Start of Block
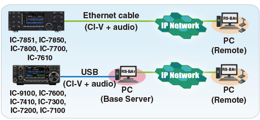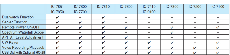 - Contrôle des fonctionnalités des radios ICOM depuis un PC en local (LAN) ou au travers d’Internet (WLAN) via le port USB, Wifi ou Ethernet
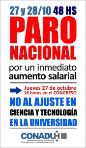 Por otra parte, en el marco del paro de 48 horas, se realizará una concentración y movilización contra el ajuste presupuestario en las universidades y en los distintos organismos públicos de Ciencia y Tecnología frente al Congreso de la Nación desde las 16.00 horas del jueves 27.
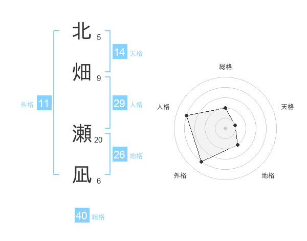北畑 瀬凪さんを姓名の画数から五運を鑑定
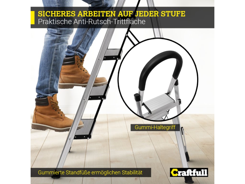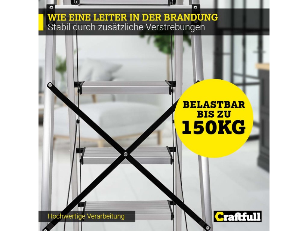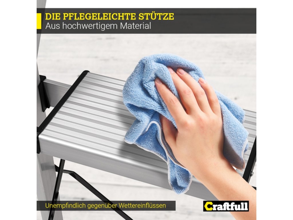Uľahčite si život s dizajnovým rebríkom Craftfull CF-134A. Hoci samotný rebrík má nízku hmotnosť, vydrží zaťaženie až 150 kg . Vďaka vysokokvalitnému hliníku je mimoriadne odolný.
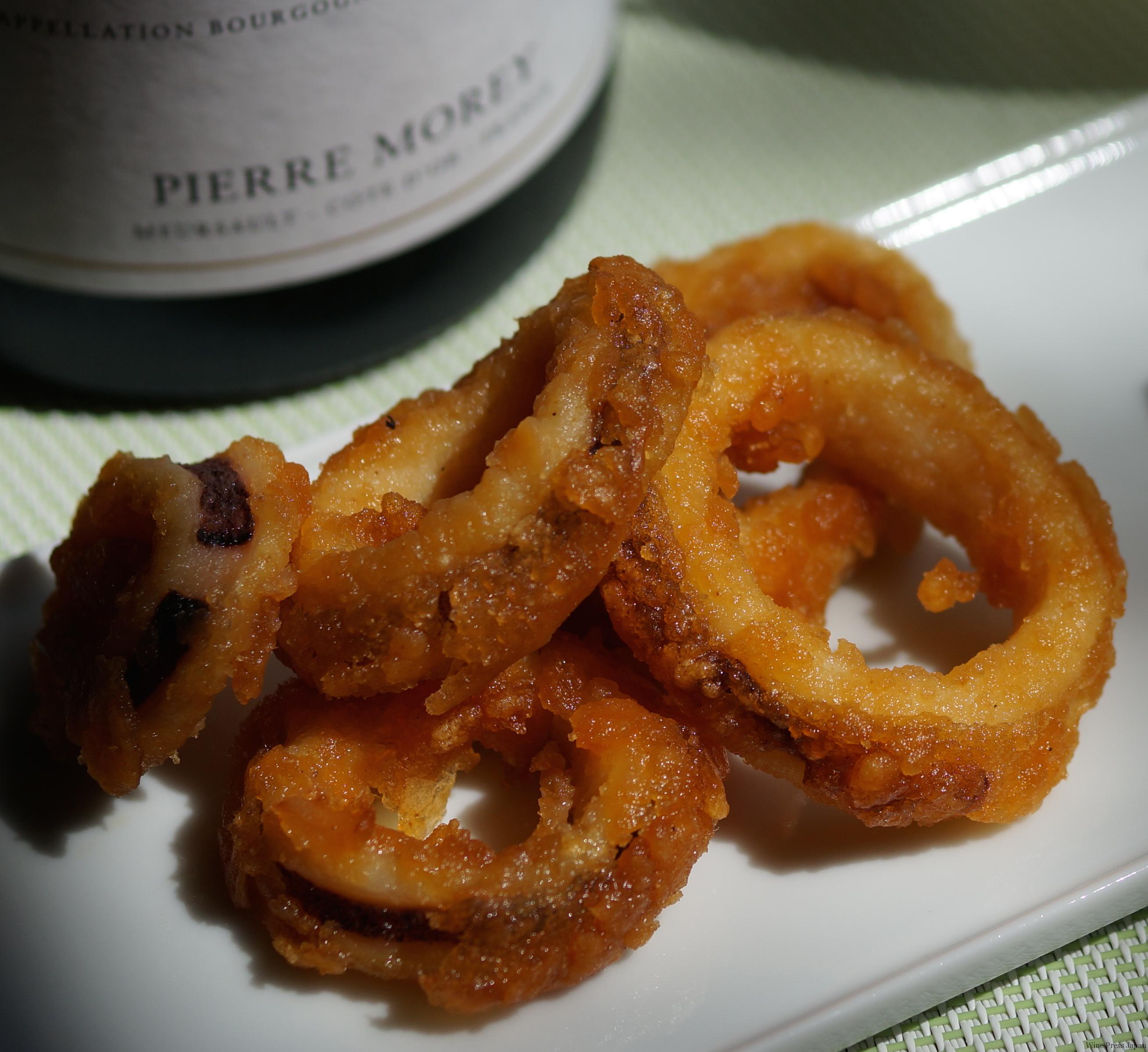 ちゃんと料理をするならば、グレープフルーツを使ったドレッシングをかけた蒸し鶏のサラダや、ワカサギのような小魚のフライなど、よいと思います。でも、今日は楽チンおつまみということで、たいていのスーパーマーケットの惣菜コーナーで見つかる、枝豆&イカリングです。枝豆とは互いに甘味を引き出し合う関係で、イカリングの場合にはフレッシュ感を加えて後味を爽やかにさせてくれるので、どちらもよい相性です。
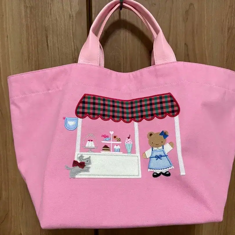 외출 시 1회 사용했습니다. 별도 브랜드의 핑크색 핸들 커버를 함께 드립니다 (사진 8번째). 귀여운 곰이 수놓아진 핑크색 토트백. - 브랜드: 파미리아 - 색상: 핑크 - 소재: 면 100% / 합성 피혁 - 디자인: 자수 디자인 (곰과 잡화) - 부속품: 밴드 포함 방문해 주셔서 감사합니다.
End of Block
What the task requires: Copy out exactly the lines that run from the line containing "ちゃんと料理をするならば、グ" through the last line of the material, and nothing more; omit the pictures.

Exercise solution:
 ちゃんと料理をするならば、グレープフルーツを使ったドレッシングをかけた蒸し鶏のサラダや、ワカサギのような小魚のフライなど、よいと思います。でも、今日は楽チンおつまみということで、たいていのスーパーマーケットの惣菜コーナーで見つかる、枝豆&イカリングです。枝豆とは互いに甘味を引き出し合う関係で、イカリングの場合にはフレッシュ感を加えて後味を爽やかにさせてくれるので、どちらもよい相性です。
 외출 시 1회 사용했습니다. 별도 브랜드의 핑크색 핸들 커버를 함께 드립니다 (사진 8번째). 귀여운 곰이 수놓아진 핑크색 토트백. - 브랜드: 파미리아 - 색상: 핑크 - 소재: 면 100% / 합성 피혁 - 디자인: 자수 디자인 (곰과 잡화) - 부속품: 밴드 포함 방문해 주셔서 감사합니다.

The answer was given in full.